Available data START

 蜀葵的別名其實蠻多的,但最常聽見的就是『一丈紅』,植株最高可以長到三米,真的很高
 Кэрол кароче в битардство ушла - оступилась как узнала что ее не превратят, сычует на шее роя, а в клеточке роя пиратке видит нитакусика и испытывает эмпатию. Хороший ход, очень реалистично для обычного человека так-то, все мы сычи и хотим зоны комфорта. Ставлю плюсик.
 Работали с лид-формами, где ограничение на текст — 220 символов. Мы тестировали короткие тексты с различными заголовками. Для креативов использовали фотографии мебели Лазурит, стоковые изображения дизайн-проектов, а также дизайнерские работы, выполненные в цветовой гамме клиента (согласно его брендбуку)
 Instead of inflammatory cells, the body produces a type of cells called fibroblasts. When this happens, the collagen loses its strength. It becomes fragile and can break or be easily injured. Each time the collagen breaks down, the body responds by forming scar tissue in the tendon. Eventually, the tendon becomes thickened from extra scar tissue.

Available data END
Available data START

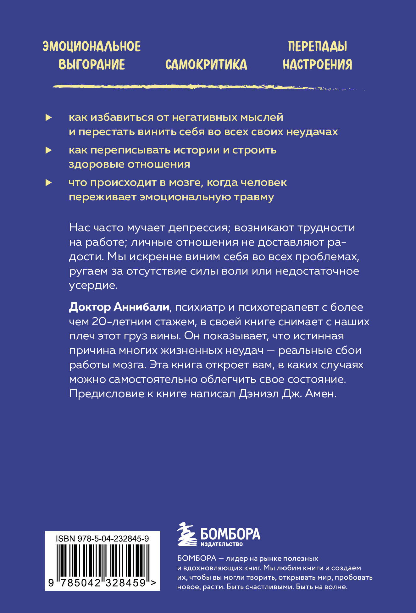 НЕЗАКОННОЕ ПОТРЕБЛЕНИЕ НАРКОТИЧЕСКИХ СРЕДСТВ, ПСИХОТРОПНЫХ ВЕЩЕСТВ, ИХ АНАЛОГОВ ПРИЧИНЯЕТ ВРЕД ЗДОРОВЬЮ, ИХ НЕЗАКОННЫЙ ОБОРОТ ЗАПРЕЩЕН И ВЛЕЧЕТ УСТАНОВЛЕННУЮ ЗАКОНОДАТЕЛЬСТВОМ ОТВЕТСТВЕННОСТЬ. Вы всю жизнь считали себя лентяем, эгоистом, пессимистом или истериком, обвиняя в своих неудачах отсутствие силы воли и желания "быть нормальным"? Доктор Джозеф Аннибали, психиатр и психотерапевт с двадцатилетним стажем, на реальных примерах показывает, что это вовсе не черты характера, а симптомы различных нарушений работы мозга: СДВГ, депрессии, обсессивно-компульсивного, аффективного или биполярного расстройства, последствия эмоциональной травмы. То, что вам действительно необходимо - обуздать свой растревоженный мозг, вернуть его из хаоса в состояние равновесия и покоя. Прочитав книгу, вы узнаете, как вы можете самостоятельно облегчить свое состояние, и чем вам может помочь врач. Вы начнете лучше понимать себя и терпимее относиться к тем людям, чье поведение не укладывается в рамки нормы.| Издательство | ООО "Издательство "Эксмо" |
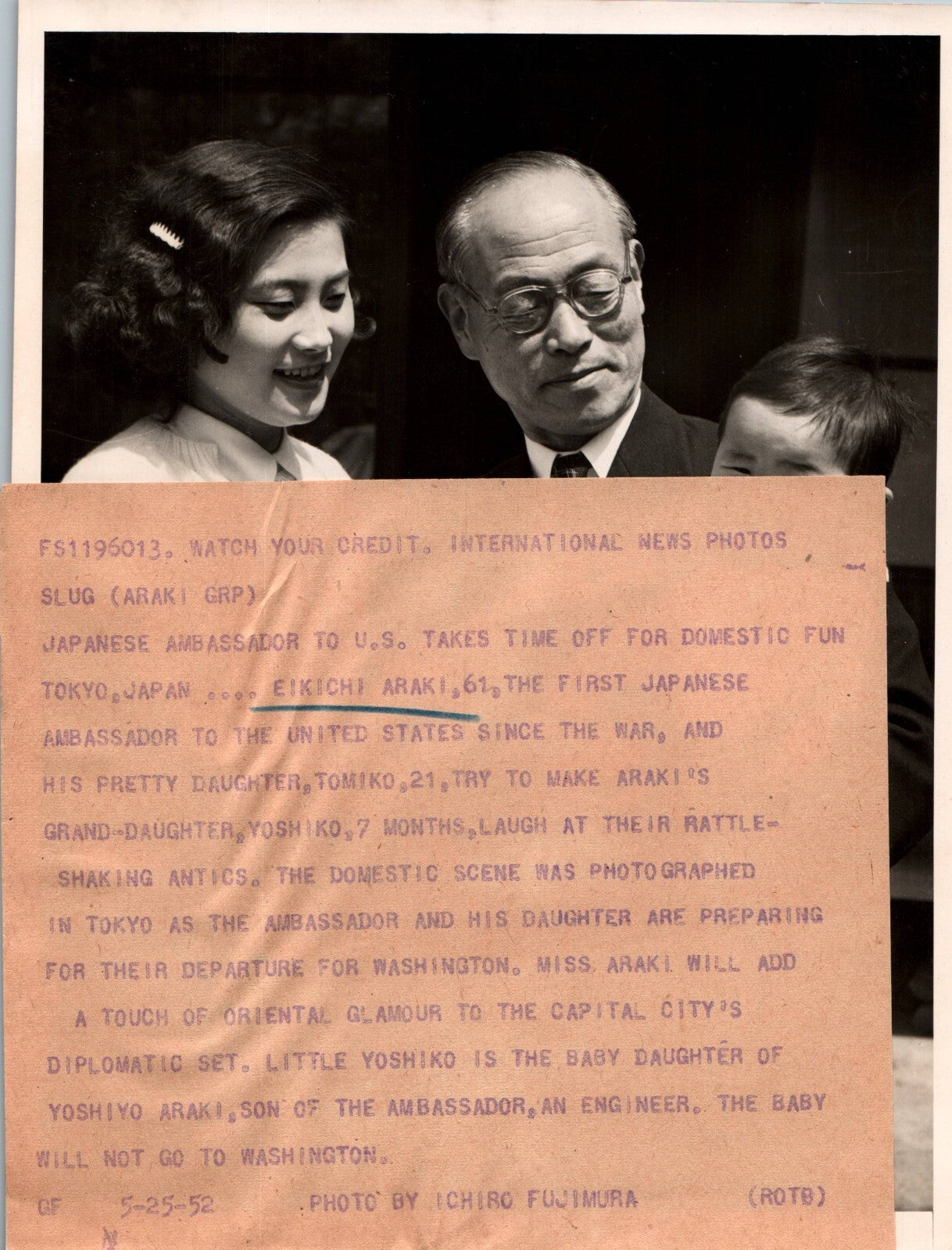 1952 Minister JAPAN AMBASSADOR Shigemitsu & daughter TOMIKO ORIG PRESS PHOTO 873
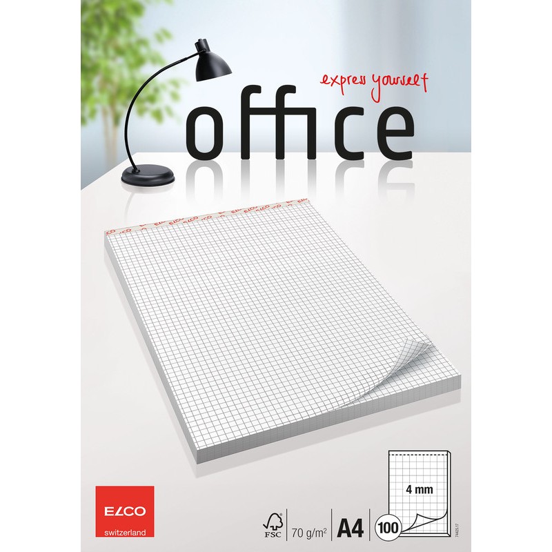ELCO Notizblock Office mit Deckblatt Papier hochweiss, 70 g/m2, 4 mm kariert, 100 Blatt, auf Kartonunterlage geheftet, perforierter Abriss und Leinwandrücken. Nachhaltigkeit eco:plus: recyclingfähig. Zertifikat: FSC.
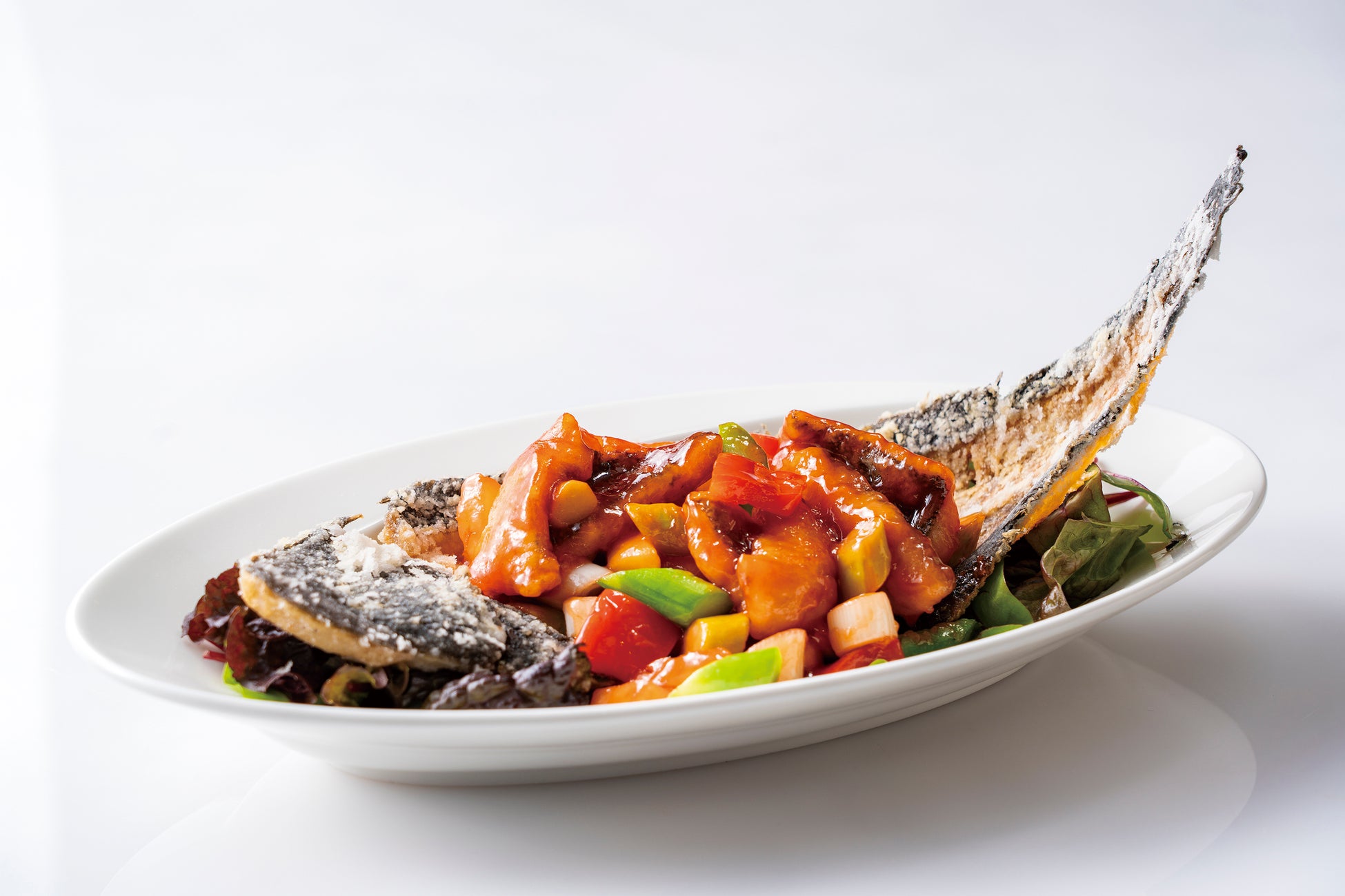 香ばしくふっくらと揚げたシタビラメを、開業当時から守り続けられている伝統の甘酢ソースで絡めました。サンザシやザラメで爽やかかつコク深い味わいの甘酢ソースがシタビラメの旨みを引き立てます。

Available data END

**What you need to do**
For this task, return exactly the stretch of the listing above from the line with "ELCO Notizblock Office" through the line with "香ばしくふっくらと揚げたシタ", inclusive and without pictures.

**Output for this task**
ELCO Notizblock Office mit Deckblatt Papier hochweiss, 70 g/m2, 4 mm kariert, 100 Blatt, auf Kartonunterlage geheftet, perforierter Abriss und Leinwandrücken. Nachhaltigkeit eco:plus: recyclingfähig. Zertifikat: FSC.
 香ばしくふっくらと揚げたシタビラメを、開業当時から守り続けられている伝統の甘酢ソースで絡めました。サンザシやザラメで爽やかかつコク深い味わいの甘酢ソースがシタビラメの旨みを引き立てます。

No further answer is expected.